Building a fast, throwaway prototype to validate an idea before a production build. This uses Salesforce low-code tools in an isolated environment, with the goal of answering one question and gathering feedback.
- Write down the question
State the single thing this prototype must answer, such as whether users understand a screen or whether a flow matches the real process. The question sets the fidelity and tells you when you are done.
- Pick a safe environment
Spin up a scratch org for a quick disposable build, or use a sandbox when the prototype needs to feel like your real org. Never prototype in production.
- Build the smallest version that works
Use Lightning App Builder to assemble screens and Flow Builder to draft automation. For an agent, stand up a draft Agentforce agent. Build only enough to answer the question.
- Test it with real users
Give a few intended users a realistic task and watch without coaching them. Note where they hesitate or go wrong, and capture the feedback.
- Decide, then throw it away
Turn the findings into a decision about the design. Discard the prototype and rebuild the feature properly for production rather than promoting the experiment.
How real the prototype feels. Start low-fidelity for idea testing; raise it only when you need believable usability feedback.
Scratch org for short-lived, source-driven experiments; sandbox when the prototype must mirror existing configuration and data shape.
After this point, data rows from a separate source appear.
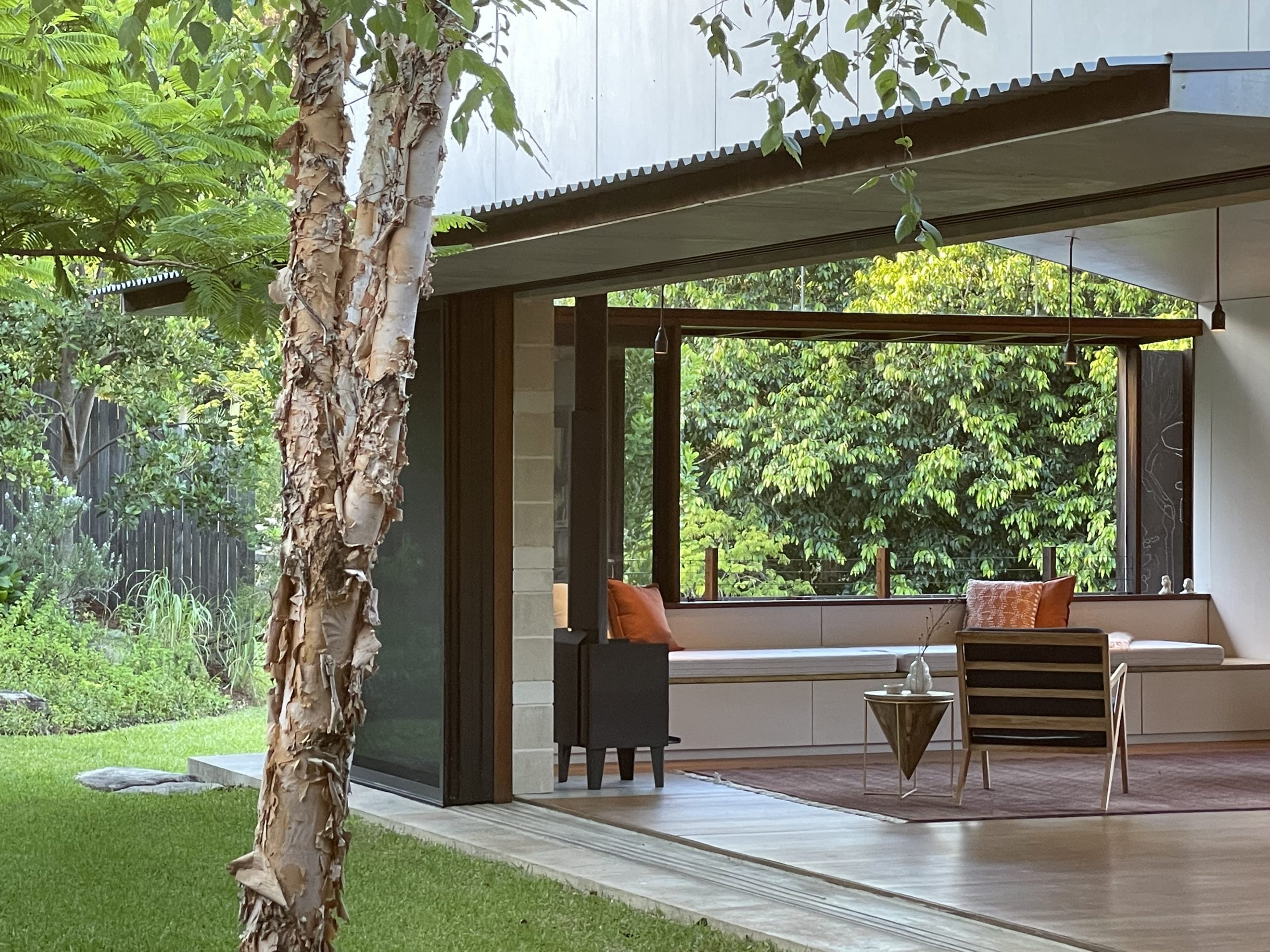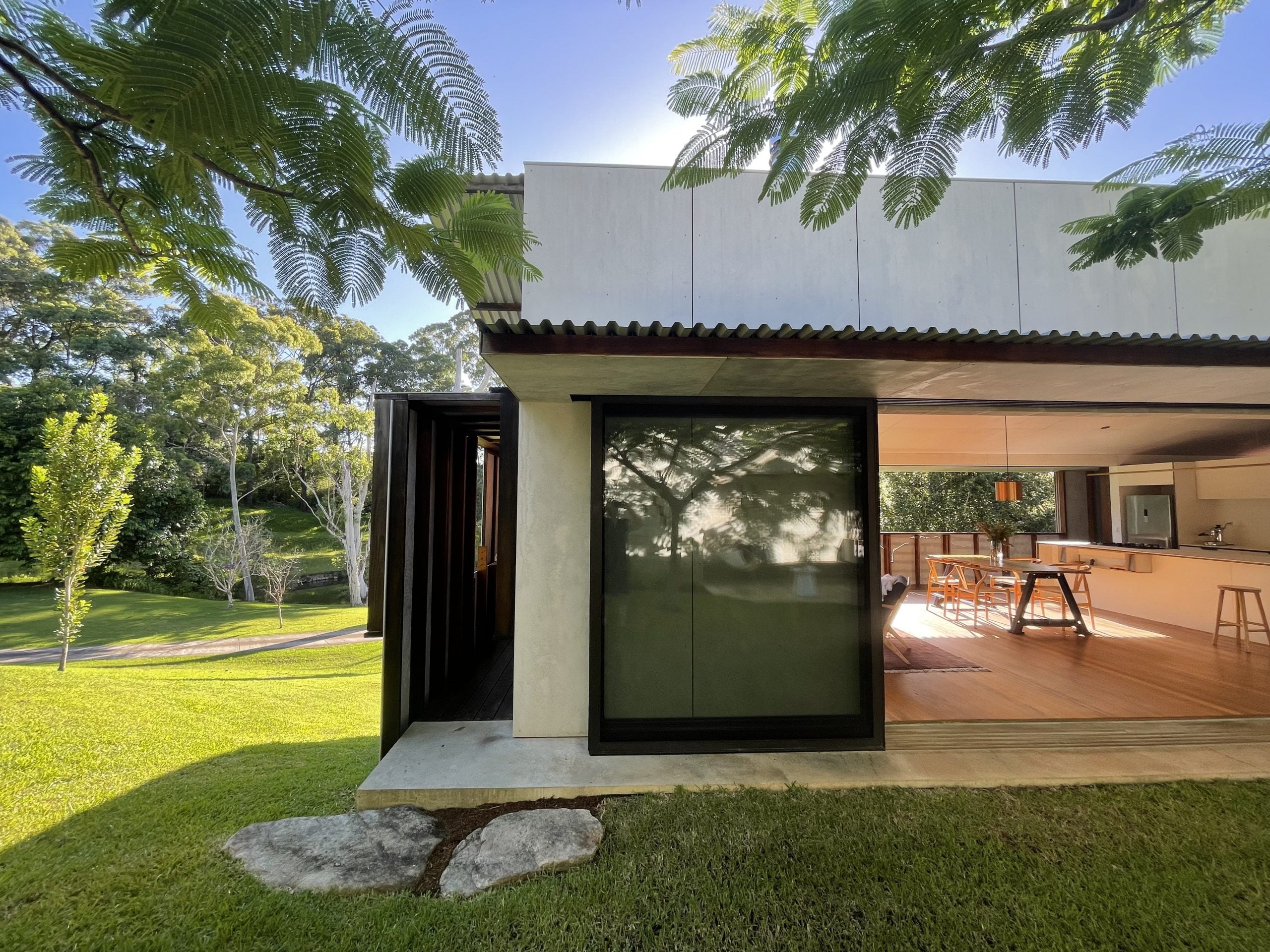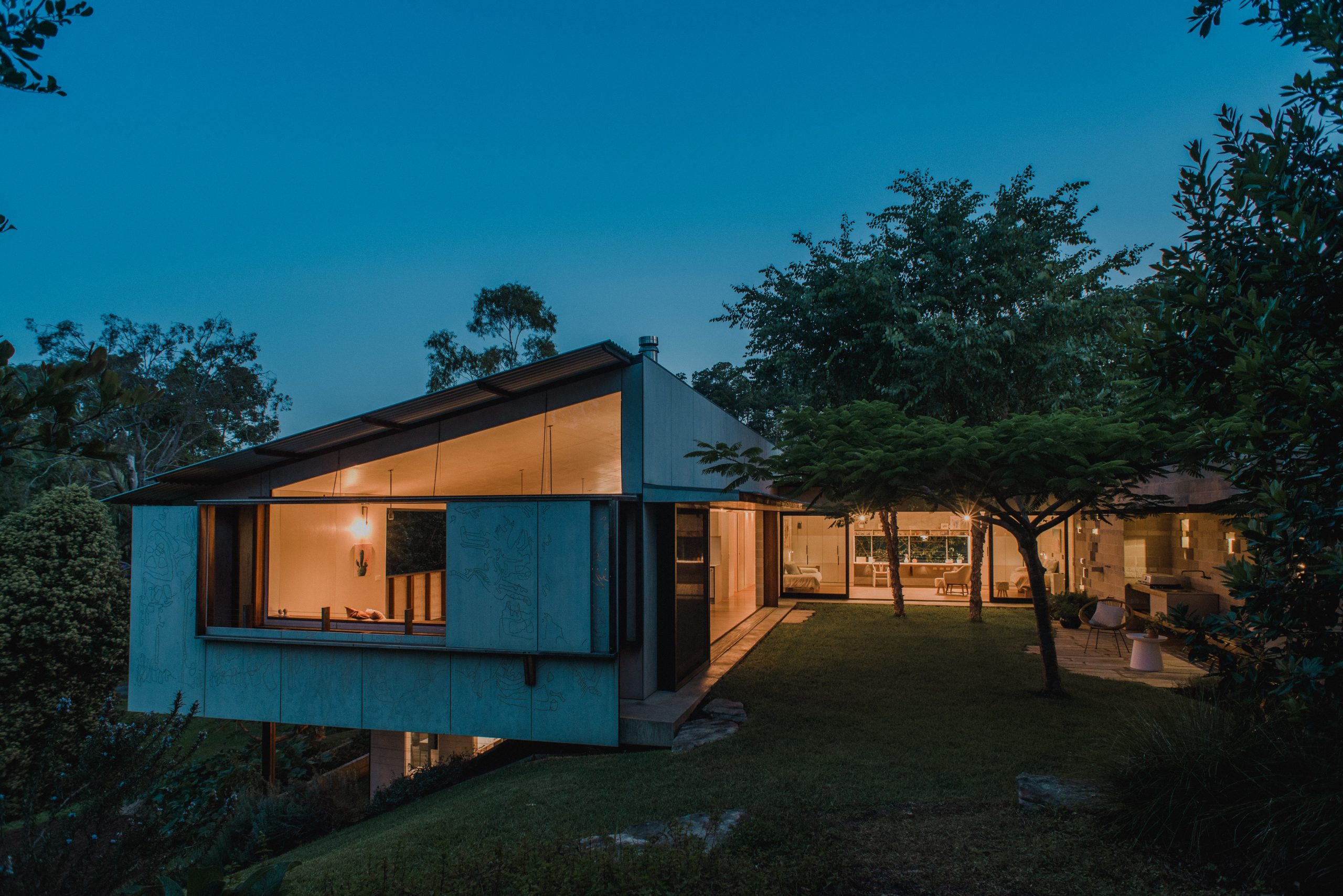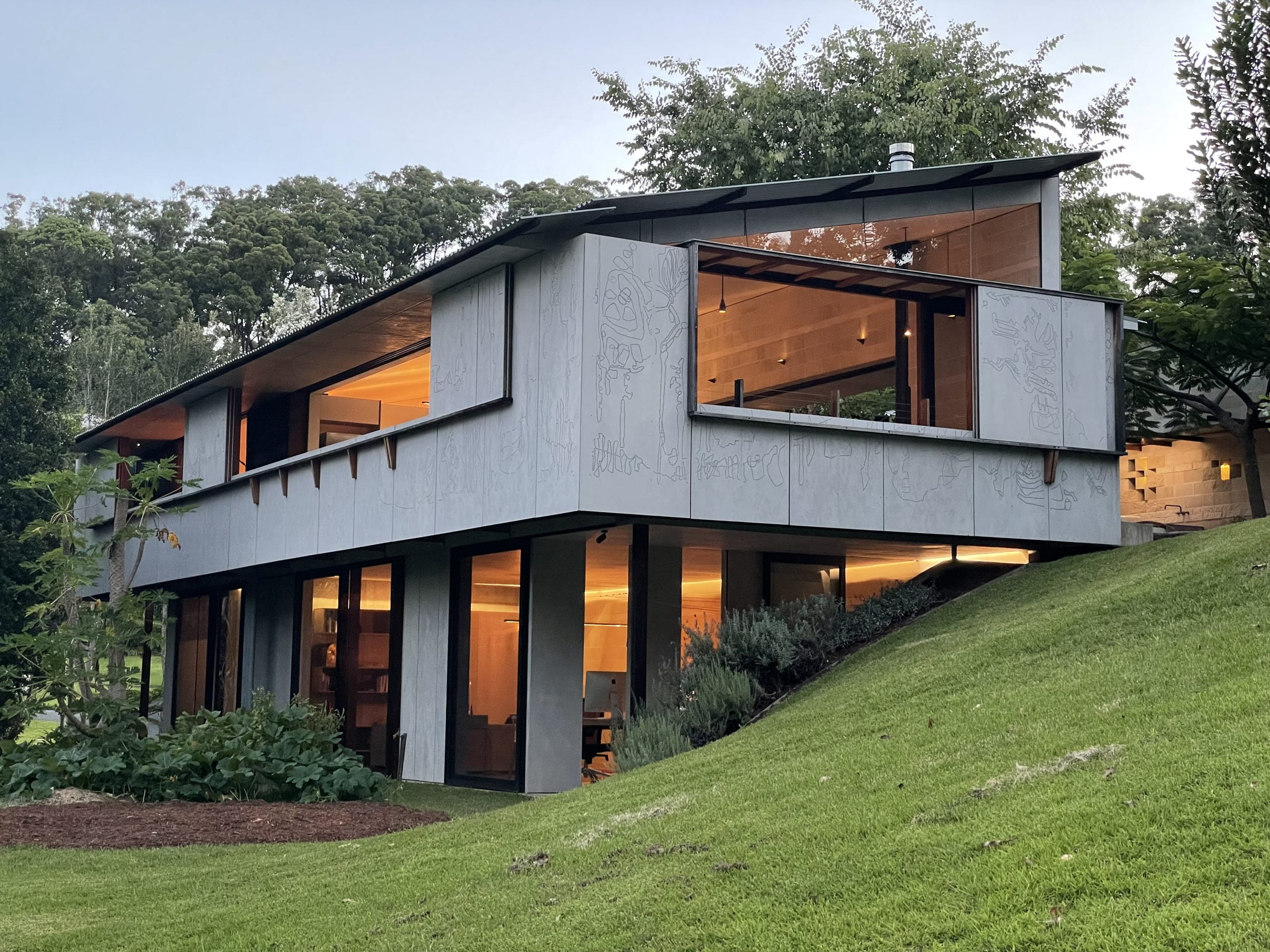 A desire for privacy and connection to the ground drove the form and layout of the courtyard house. On a corner site on an eastern slope overlooking a reserve two concrete block blade walls create two level terraces, one of which became a private courtyard. Flanking the courtyard the house is conceived as a deck with large openings connecting the courtyard through the house to the view beyond. A moveable screen of compressed fibre cement sheeting opens and closes the house to the surrounds for privacy and weather protection as needed. The screen is a public, kinetic art work which is made by perforations in the sheets which in turn allow light and ventilation through when the screen is closed. The art work is displayed during the day as reflected light patterns internally and at night through dots of light when viewed from the outside.
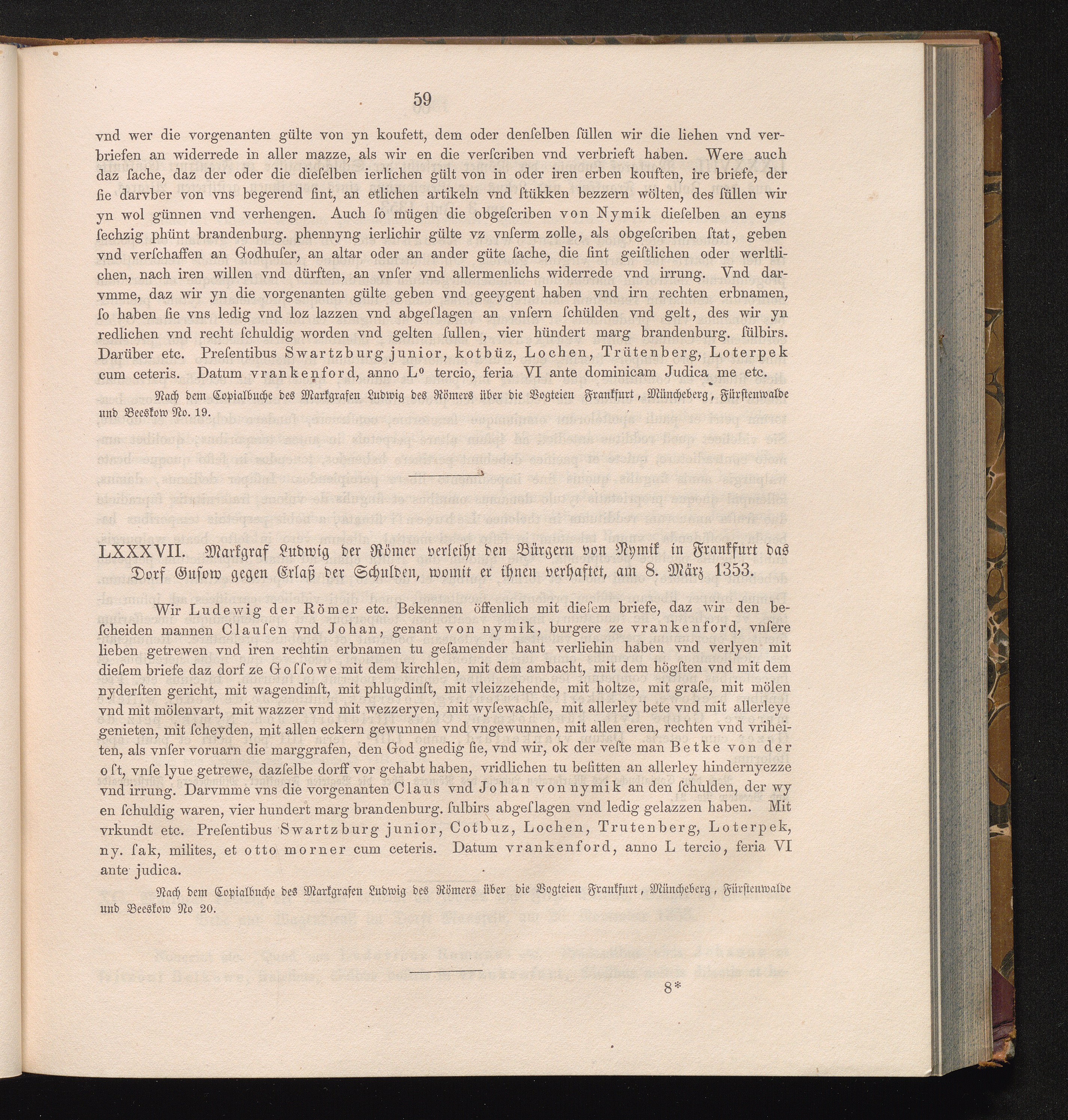 LXXXVII. Markgraf Ludwig der Römer verleiht den Bürgern von Nymik in Frankfurt das[...]
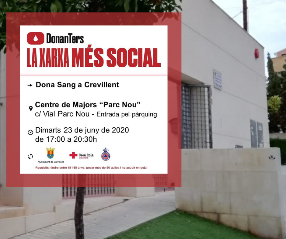El Centre de Transfusió de la Comunitat Valenciana i l’Ajuntament de Crevillent informen que demà, 23 de juny, hi haurà col·lecta de sang al Centre de Majors Parc Nou situat al carrer Vial Parc Nou de la localitat. La donació començarà a les 17.00 hores i finalitzarà a les 20.30 hores. Des de la Regidoria de Sanitat agraeixen la solidaritat dels veïns i veïnes de Crevillent i animen a continuar participant en aquestes donacions, ja que la sang no es fabrica i es necessita per a operacions quirúrgiques, parts, persones amb leucèmia i altres tipus de càncer, i per a atendre víctimes d’accidents de trànsit, entre altres.
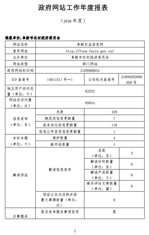 2018年阜新市农村经济委员会网站工作年度报表
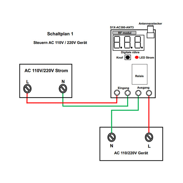1) Wenn Sie das AC 110V oder das 220V Gerät steuern möchten, können Sie den Empfänger, das Gerät und die Wechselstromversorgung gemäß dem folgenden Schaltplan 1 anschließen. Dann steuern Sie das Gerät mit dem Sender.
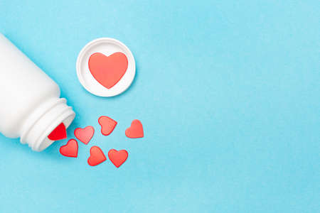 red pills in the shape of hearts and white jar. Symbol of love. love pills. Pills for heart health.

Choose ideation, exploration, or validation up front. The purpose decides how much effort and polish the build deserves.
- A prototype that looks finished tends to become the production system by accident. Be explicit that it is disposable.
- Over-polishing a throwaway build wastes the speed that made prototyping worth doing. Stop once the question is answered.
- Prototyping in production risks live data and real users. Always isolate the work in a scratch org or sandbox.
- Skipping the user test turns a prototype into guesswork. The feedback is the whole point of building one.